Я еще раз оглядел кабинет. На верхней полке шкафа лежал несессер с туалетными принадлежностями, откуда, вероятно, и была взята щетка для волос. Интересно, Мур заметил пропажу? Потом я заглянул в ящик аппарата для измельчения бумаги — он был пуст. Нет, Мур не дурак и не рассеянный благожелательный чудак, какими обычно рисуют профессоров. Напротив, он хитроумен и страшен. Как все высокомерные люди, Мур был, однако, беспечен. Я не особенно удивился бы, увидев сейчас на его столе палаточные колья и молоток.

— Мистер Бреннер, у меня сегодня мало времени.

— Вы сказали, что посвятите нас в некоторые особенности психологии капитана Кемпбелл.

— Что вы хотели бы знать?

— Прежде всего — почему она ненавидела отца?

Мур долго смотрел на меня.

— Вижу, вы кое-что разузнали с момента нашего последнего разговора.

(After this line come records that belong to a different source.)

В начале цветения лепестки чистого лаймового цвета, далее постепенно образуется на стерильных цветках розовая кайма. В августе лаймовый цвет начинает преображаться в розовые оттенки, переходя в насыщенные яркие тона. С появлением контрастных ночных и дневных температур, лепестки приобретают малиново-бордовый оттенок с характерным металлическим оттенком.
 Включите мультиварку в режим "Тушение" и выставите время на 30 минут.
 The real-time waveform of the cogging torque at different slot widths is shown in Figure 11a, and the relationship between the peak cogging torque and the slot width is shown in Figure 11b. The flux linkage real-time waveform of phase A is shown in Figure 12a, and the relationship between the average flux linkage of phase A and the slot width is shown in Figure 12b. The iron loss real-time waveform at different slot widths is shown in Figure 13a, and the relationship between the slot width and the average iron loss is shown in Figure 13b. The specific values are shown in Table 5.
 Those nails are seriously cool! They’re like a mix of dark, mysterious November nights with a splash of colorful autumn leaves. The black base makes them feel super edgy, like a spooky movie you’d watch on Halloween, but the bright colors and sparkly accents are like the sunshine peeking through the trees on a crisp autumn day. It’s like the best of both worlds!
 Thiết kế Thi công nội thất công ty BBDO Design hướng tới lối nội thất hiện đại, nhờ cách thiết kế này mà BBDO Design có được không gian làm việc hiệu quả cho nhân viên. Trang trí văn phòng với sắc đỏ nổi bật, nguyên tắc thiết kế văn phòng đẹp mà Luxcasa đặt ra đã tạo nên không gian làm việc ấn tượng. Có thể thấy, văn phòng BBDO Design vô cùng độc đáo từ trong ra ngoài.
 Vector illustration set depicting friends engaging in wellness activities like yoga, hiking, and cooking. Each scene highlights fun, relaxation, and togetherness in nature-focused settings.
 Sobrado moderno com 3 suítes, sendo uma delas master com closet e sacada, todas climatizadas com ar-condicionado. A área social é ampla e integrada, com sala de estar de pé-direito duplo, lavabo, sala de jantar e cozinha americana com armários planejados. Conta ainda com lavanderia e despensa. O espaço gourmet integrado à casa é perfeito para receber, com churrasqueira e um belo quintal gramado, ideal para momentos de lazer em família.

— Да, сэр. Мы с мисс Санхилл разговаривали со многими людьми, и каждый сообщил нечто новенькое. Сейчас мы идем по второму кругу и через несколько дней узнаем, кого и о чем спрашивать, отделим хороших людей от плохих и арестуем последних. Проще простого по сравнению с психологической войной.

— Не скромничайте.

— Так почему же Энн ненавидела отца?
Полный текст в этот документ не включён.